## Exercise prompt
Your answer should repeat exactly the lines from the one holding "تستضيف إنجي علي" through the end of the data, and it should contain no pictures.

## Given data

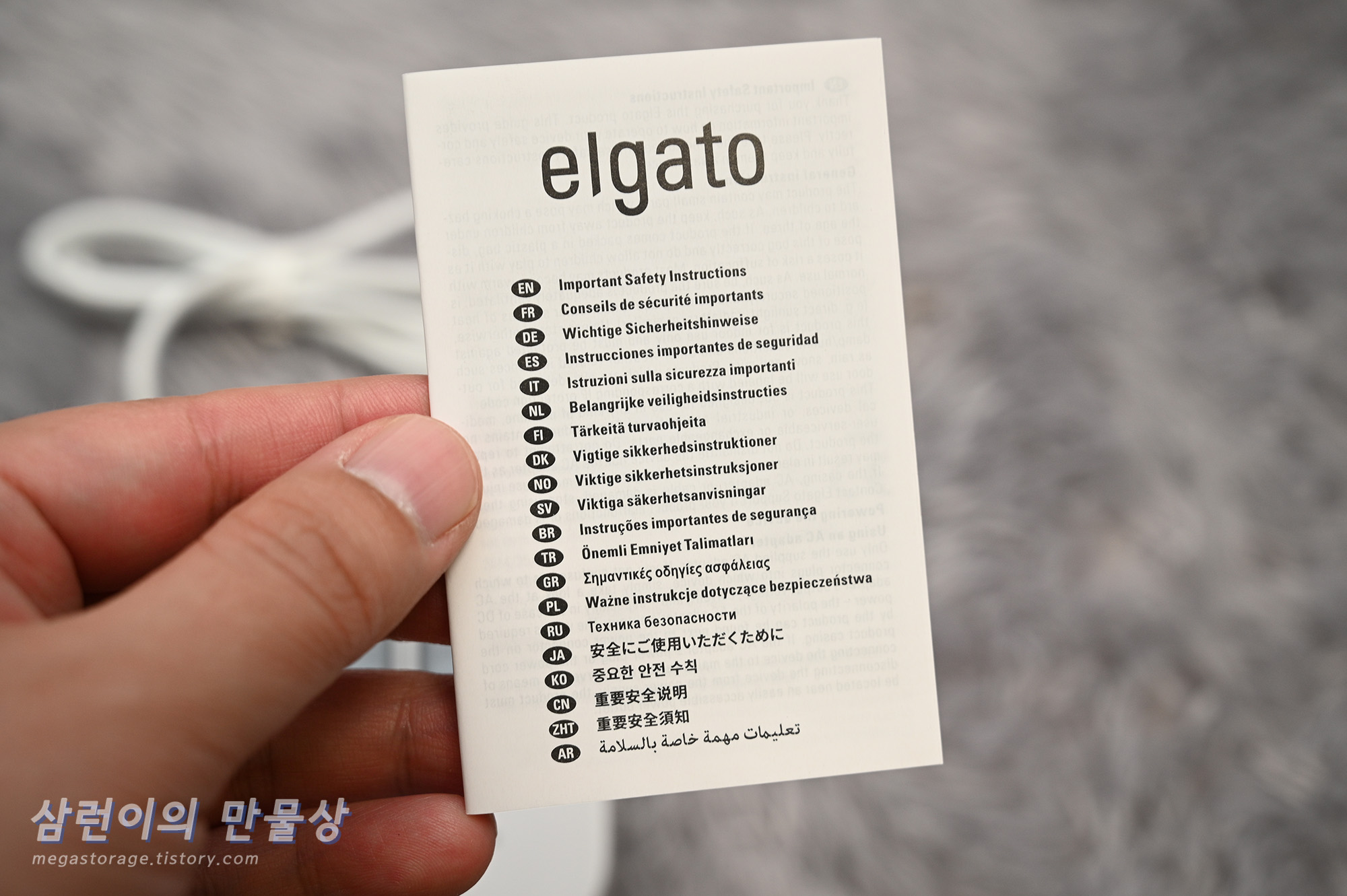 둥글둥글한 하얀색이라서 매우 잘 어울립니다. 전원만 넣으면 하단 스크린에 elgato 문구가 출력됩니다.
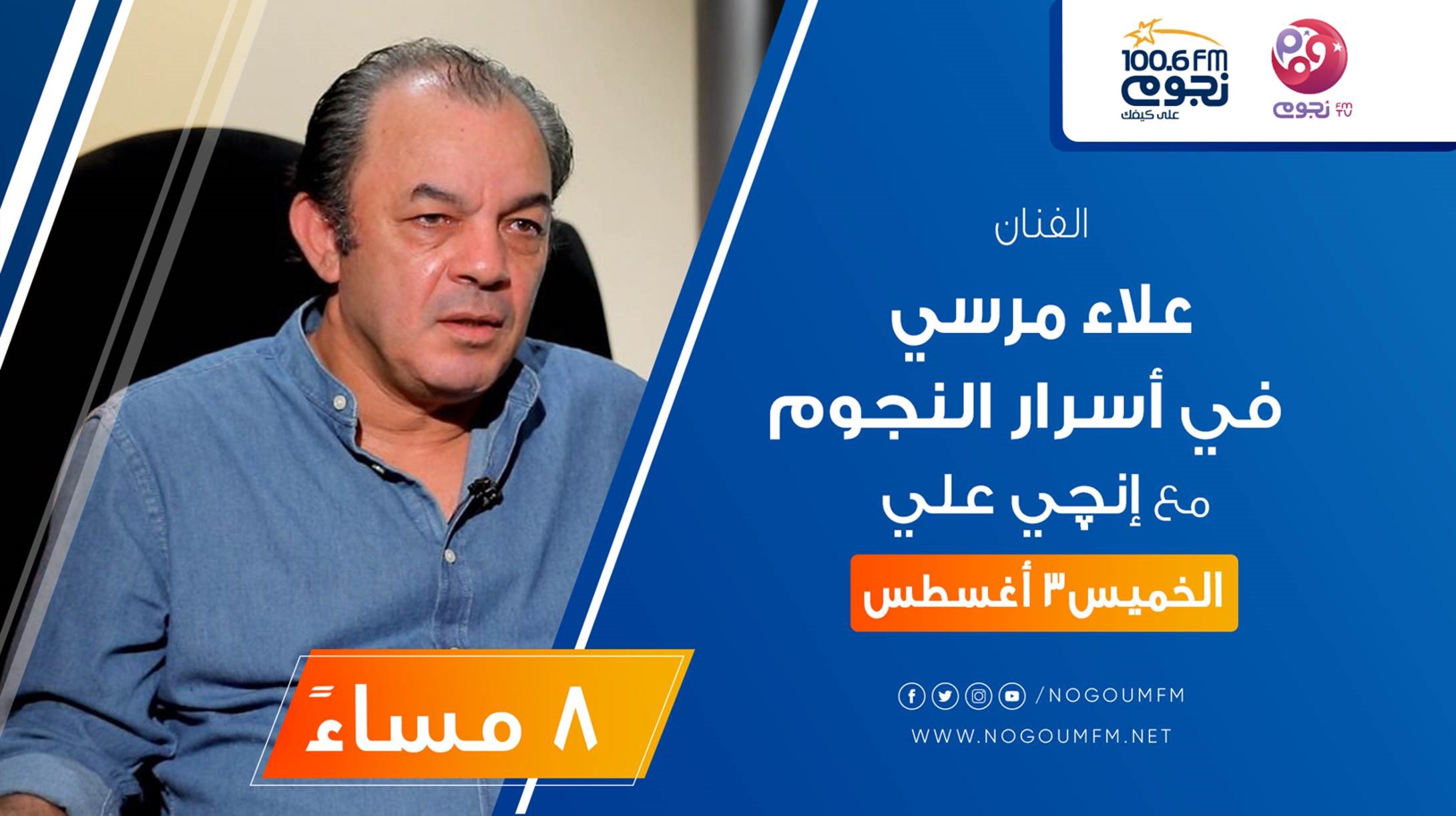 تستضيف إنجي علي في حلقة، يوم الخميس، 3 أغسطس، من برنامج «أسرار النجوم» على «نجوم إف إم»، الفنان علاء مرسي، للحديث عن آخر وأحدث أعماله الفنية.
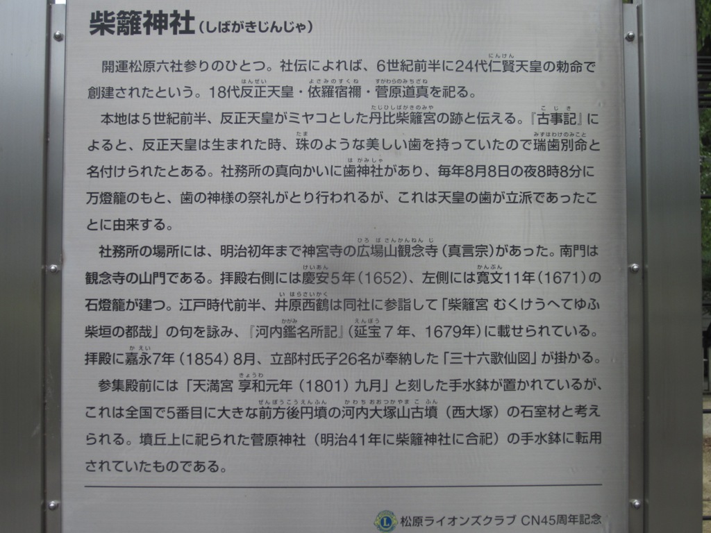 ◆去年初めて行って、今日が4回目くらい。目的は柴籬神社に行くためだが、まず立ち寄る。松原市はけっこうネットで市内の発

## Response for this exercise
 تستضيف إنجي علي في حلقة، يوم الخميس، 3 أغسطس، من برنامج «أسرار النجوم» على «نجوم إف إم»، الفنان علاء مرسي، للحديث عن آخر وأحدث أعماله الفنية.
 ◆去年初めて行って、今日が4回目くらい。目的は柴籬神社に行くためだが、まず立ち寄る。松原市はけっこうネットで市内の発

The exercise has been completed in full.